I'm thinking I'll go for them as I'd love four rather thsn two and there's a husky and two dumbos!!

Can you please post any pics of your rats at 12/13 weeks? Are they still considered babies? I heard they stop growing at 5months? They'll be just over three months when I get them.


----------



## feorag (Jul 31, 2007)

to be honest I think that's quite small. I'm certain that mine were bigger than 5 inches when I collected them at 8 weeks from their breeder.

This is my Hamish the weekend I collected them the 3rd week in February. I have pretty big hands and measuring from the point on my wrist where his bum is resting to the tip of my fingers measures over 8".


__
Sensitive content, not recommended for those under 18
Show Content











And here he is at Easter a few weeks later with my 12 year old granddaughter.


----------



## BlackRose (Jul 8, 2007)

I emailed her back, said I'd think about it and I'd try n get down to see them for myself. She said they're about five inches or so when they're eating and longer when stretched out.


----------



## Moony14 (Aug 20, 2011)

Aw they sound perfect! For four rats I'd definetly say bigger than a jenny, for my four boys I have THIS cage and it's brilliant! Easy access, nice large door, plenty of height and floorspace and at their age there shouldn't be any problems with bar sizing, although I'd be cautious just for peace of mind. I also put a piece of laminate over the shelf and use it as a "kitchen area" so I can easily wipe it down everyday- they do make a bit of a mess with their food :lol2:
The great thing about more than 2 rats is that if one sadly passes, they remaining rats aren't alone which is the situation with just 2 rats. Have fun!!  Oh and, I don't know if your handy with a sewing machine but my mum makes simple hammocks for me and that saves me quite a bit. If you want to buy some hammocks I recommend Fuzzbutt Cage Comforts | Funkify your cage with the coolest furniture on the net! Rat hammocks, Chinchilla hammocks, Ferret hammocks, Hamster hammocks, Rat houses, Chinchilla houses, Rat cubes. I ordered a set of hammocks from them and they're awesome


----------



## feorag (Jul 31, 2007)

The only problem I can see with that cage is that it appears to have vertical bars, which makes it difficult for ratties to climb - I would always want horizontal bars personally. Also you'd need stuff in it to break falls as a hyoung rat could serious hurt himself if he fell from a hammock hanging from the roof.


----------



## Disillusioned (Jan 3, 2012)

A rat who is eating will be kind of curled over so that wouldn't show it's true length. I think at 11-12 weeks they will look more like adults than what you are after, but that doesn't mean that they aren't babies still.

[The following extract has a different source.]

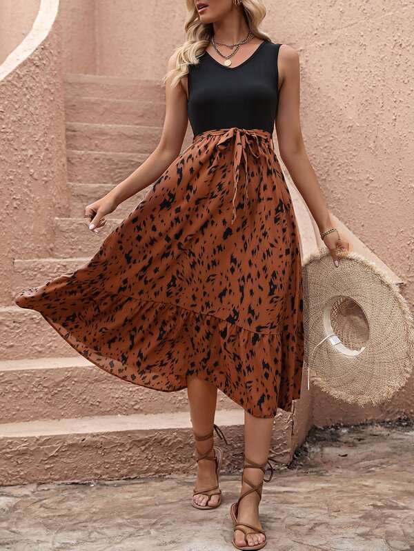 SHEIN VCAY Graphic Print Ruffle Hem Belted Dress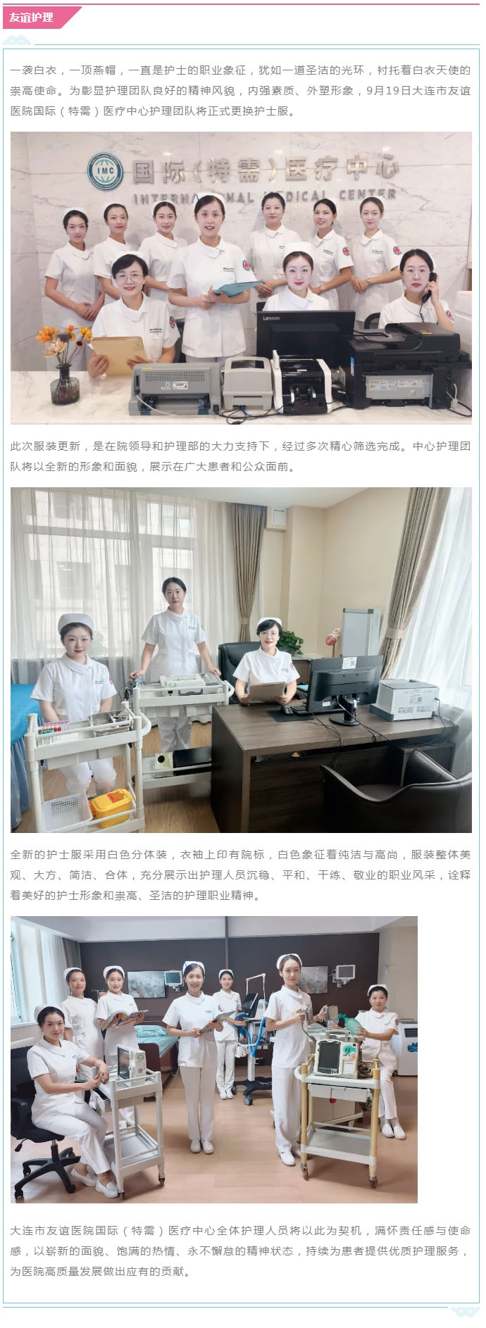 导读:【友谊护理】国际(特需)医疗中心护理人员换装展新颜

Seriously they grow so quick, so if you want them small your better off getting ones that are just ready to leave.
My rats are so playful, they still think they are all babies. They have mad moments where they jump in the air and go all silly and nibble me when I tickle them. No wonder you are so keen to get some soon, they make amazing pets 
If you did decide to get the 11/12 week old ones you will still be able to form a good bond with them because they are still young, I just don't think they will be small like the breeder has claimed, so it's really up to you if you want smaller ones that badly or not.


----------



## Kare (Mar 9, 2010)

I don't see any point in getting younger ones that are likely to not be the exact colours and types you want when you could get these ones that are. In a matter of weeks you will have adult rats anyways, and in this case they will be the ones you like the look of for life.

They are still more than young enough to bond with you and be the rats you will always dream of if you are willing to put the work in.

I have a Freddy Rat Cage, they are brilliant cages. I have it still as it is a great emergency cage for pretty much any animal. Could you get to Bristol? That would likely open up a number of cage adverts you could buy from if you could go to Bristol to collect.


----------



## BlackRose (Jul 8, 2007)

Thankyou. I decided to go for them. Did you say newspaper is no longer toxic for them to walk or sit on, even if it gets wet or they get it on their paws and wash it off? Black ink and coloured ink? Sure someone on here said it's no longer toxic anymore?
Are rats of 11weeks still bouncy and popping around everywhere then as well as cuddly?


----------



## Kare (Mar 9, 2010)

They are past the hoppy flea stage, but so will any rat old enough to sell be.

I doubt other than a few weeks extra growth there will be any difference in behaviour. 
They will be younger than you will likely get at PAH as they may get younger rats in store they will likely not sell them until older ones they have on the shop floor sell. Of course being inbred runts they may look smaller.


----------



## Colosseum (Aug 8, 2008)

Have you found yourself a cage yet?


----------



## Moony14 (Aug 20, 2011)

feorag said:


> The only problem I can see with that cage is that it appears to have vertical bars, which makes it difficult for ratties to climb - I would always want horizontal bars personally. Also you'd need stuff in it to break falls as a hyoung rat could serious hurt himself if he fell from a hammock hanging from the roof.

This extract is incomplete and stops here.